Background: Susceptibility to common chronic diseases such as coronary heart disease (CHD) appears to be influenced by "context-dependent effects," which include interactions among genes (genetic epistasis) and among genes and environmental factors (gene-environment interactions).

Methods: A synthesis of current knowledge and research findings demonstrates the importance of integrating genetic research on cardiovascular disease with preventive medicine and public health initiatives.

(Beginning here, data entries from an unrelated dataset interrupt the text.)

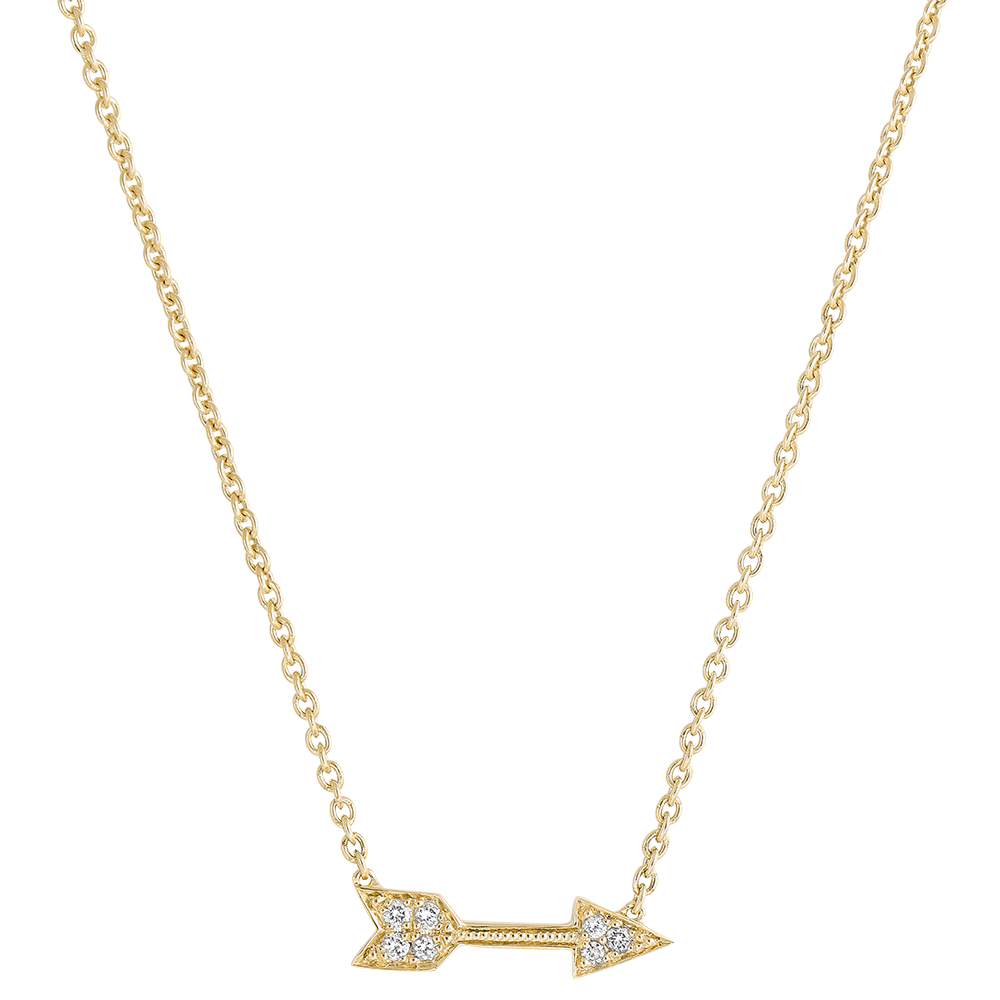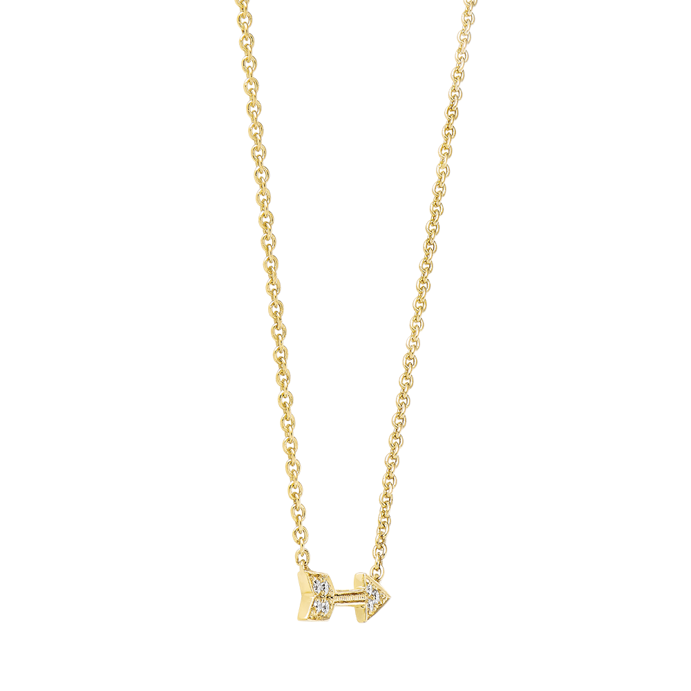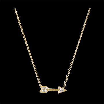 Eine Pfeil-Halskette aus Gelbgold mit Diamanten-Pavé, die gleichzeitig eine romantische Seele und einen Rock-Stil symbolisiert. Mit Kette und zwei einstellbaren Längen: 42cm und 45cm. Mit Kette 42 cm + Verlängerung von 3 cm; 375/-. 7 Diamanten : 0.06 Karat - Gelbgold (375/-): 2.2 g. Weitere Abmessungen
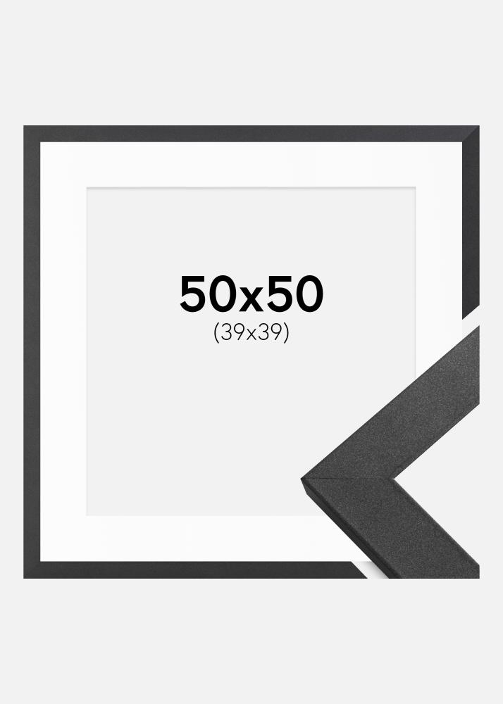 Moldura Graphite Wood 50x50 cm - Passe-partout Branco 40x40 cm
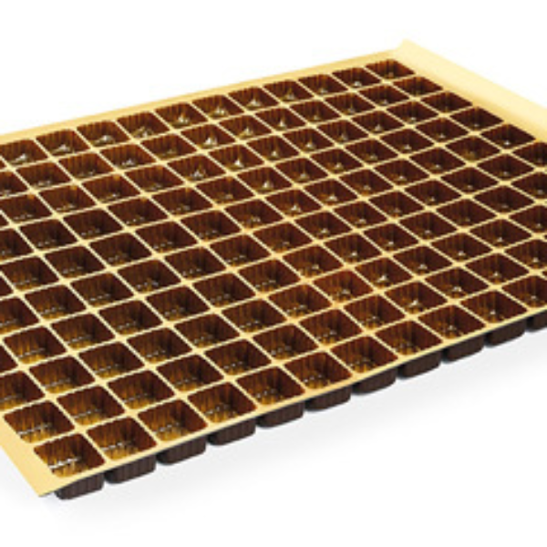 Praktyczne i eleganckie opakowanie wykonane z wysokiej jakości tworzywa sztucznego w kolorze złotym. Posiada 150 gniazd o wymiarach 2,8x3,3 cm każde, odpowiednie do przechowywania czekoladek i pralin.
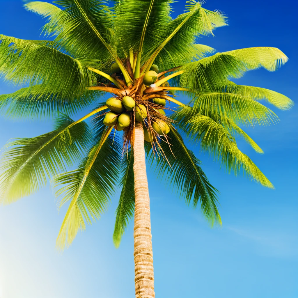 Against the backdrop of a clear blue sky, a tall coconut tree stands tall, its slender trunk gracefully curving upwards towards the heavens. Its lush green fronds sway gently in the breeze, casting playful shadows on the sun-kissed ground below. It’s a scene of tranquil beauty, epitomizing the tropical allure of paradise.
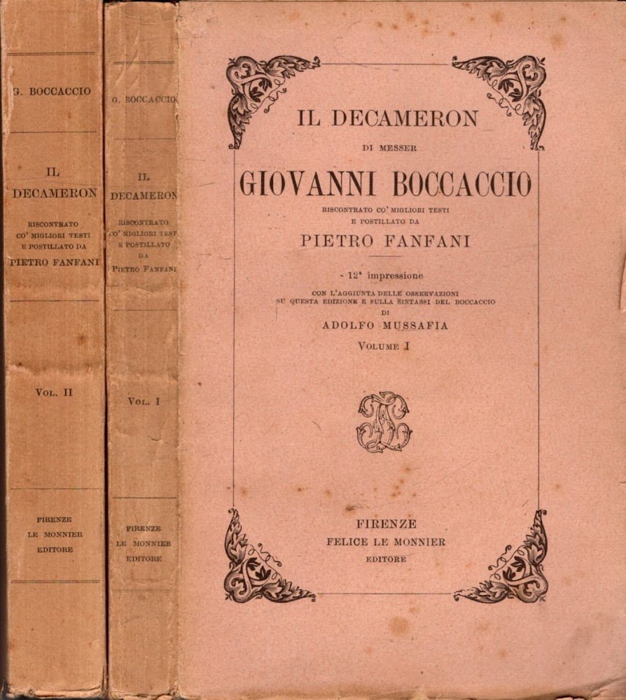 Il Decameron di Messer G. B. riscontrato co' migliori testi e postillato da P. Fanfani con l'aggiunta delle osservazioni su questa edizione e sulla sintassi del Boccacio di Adolfo Mussafia

Results: A variety of candidate genes have been implicated in risk for CHD, but only limited examples of context-dependent effects have been described. Interactions between genetic and environmental factors appear to influence lipid metabolism, plasma homocysteine levels, and pharmacologic response to many commonly prescribed medications. Quantification of genetic effects associated with increased disease risk that are modifiable by interventions such as diet, exercise, and smoking cessation is an important interface between molecular genetics and preventive medicine.

Conclusions: As a primary focus of preventive medicine expands to encompass early detection and treatment of asymptomatic individuals at risk for disease, the ability to quantify the influence of context-dependent effects on disease risk will be critical for determining drug safety and effectiveness in diverse patient populations and for implementing effective prevention and treatment programs.